With a population of over 11,000, Estevan is the eighth largest and southernmost city in the province of Saskatchewan, Canada. It was originally settled in 1892 following the expansion of the Canadian Pacific Railway, and over the next half-century grew in size until getting the status of being a city in 1957.
Both the city of Estevan and Estevan No. 5, the rural municipality that surrounds it, have committed to local economic growth and prosperity. Estevan hopes to further boost an already strong economy based on power generation, coal mining, agriculture, manufacturing, and oil and gas drilling by fostering business development, and have developed numerous agreements and working relationships to start this journey.
Fibre to the Door
In addition to the three highways and the main Canadian Pacific Railway line that go through Estevan, the city realized it could provide a better service to its citizens on another highway: the information superhighway. With this in mind, the city developed the Sask Tel infiNet Fibre to the Door program, with a goal of deploying fibre broadband infrastructure to support strategic goal to increase broadband penetration. Construction started in 2018, and the program already delivers a more positive customer experience and allows customers to connect to their world and enable access to learning, working and entertainment for both consumers and businesses. Further elongation of the program will impact SaskTel’s ability to respond to customer demand for faster speeds and remain competitive.

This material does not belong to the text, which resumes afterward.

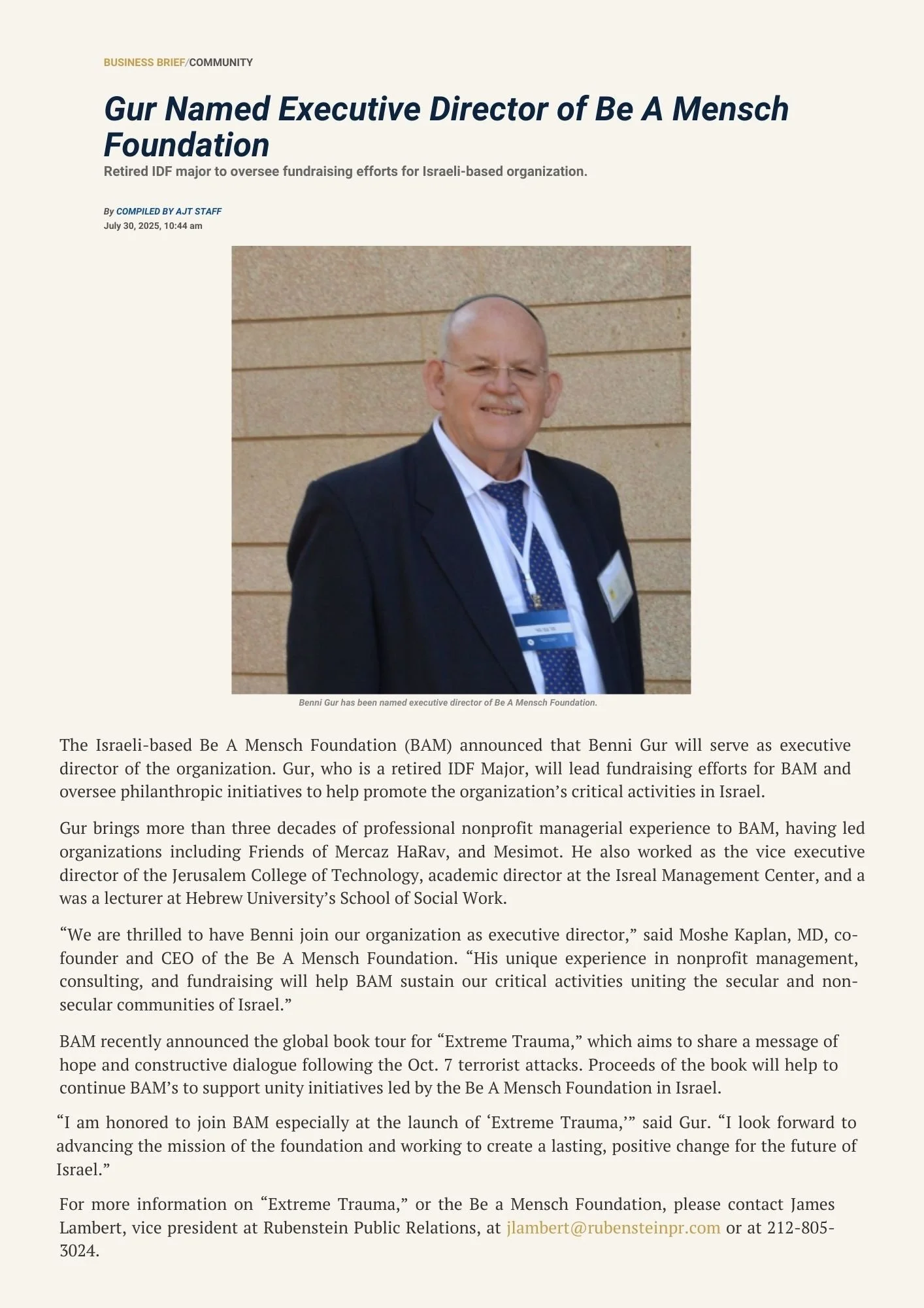 Media 5 Towns Jewish Times Extreme Trauma: When Evil Struck, Human Greatness Answered i24 NEWS Interview with Gabriel Sanders, BAM Foundation Spokesman The Algemeiner Looking For a Few Good Mensches: Israeli NGO Seeks to Inspire Jewish College Students in US to Confront, Transcend Rising Antisemitism The Jerusalem Post Be A Mensch Foundation: Advancing dialogue between secular, haredi Israelis

As of November 2020, Estevan has passed the milestone of 5,000 homes and home-based businesses with fibre and connected 4,000 of them to the next network. Future plans include additional Fiber to the Premises and Fiber to the Business expansion, both in Estevan and elsewhere in Saskatchewan. View the infiNET Coverage Map >>>
The Rural Technology Hub Initiative
Based off the work tech giants like Google have started in the United States, the Economic Development Board has initiated a rural technology hub initiative, a project that seeks to develop the community to accommodate tech innovation and remote working for technology company employees. The hub will include places like a co-working space for entrepreneurs and remote workers, available housing, restaurants, shops, or other cultural establishments. To help with this process, Estevan worked with Sask I.N.C., a non-profit start-up that helps Saskatchewan entities with innovation.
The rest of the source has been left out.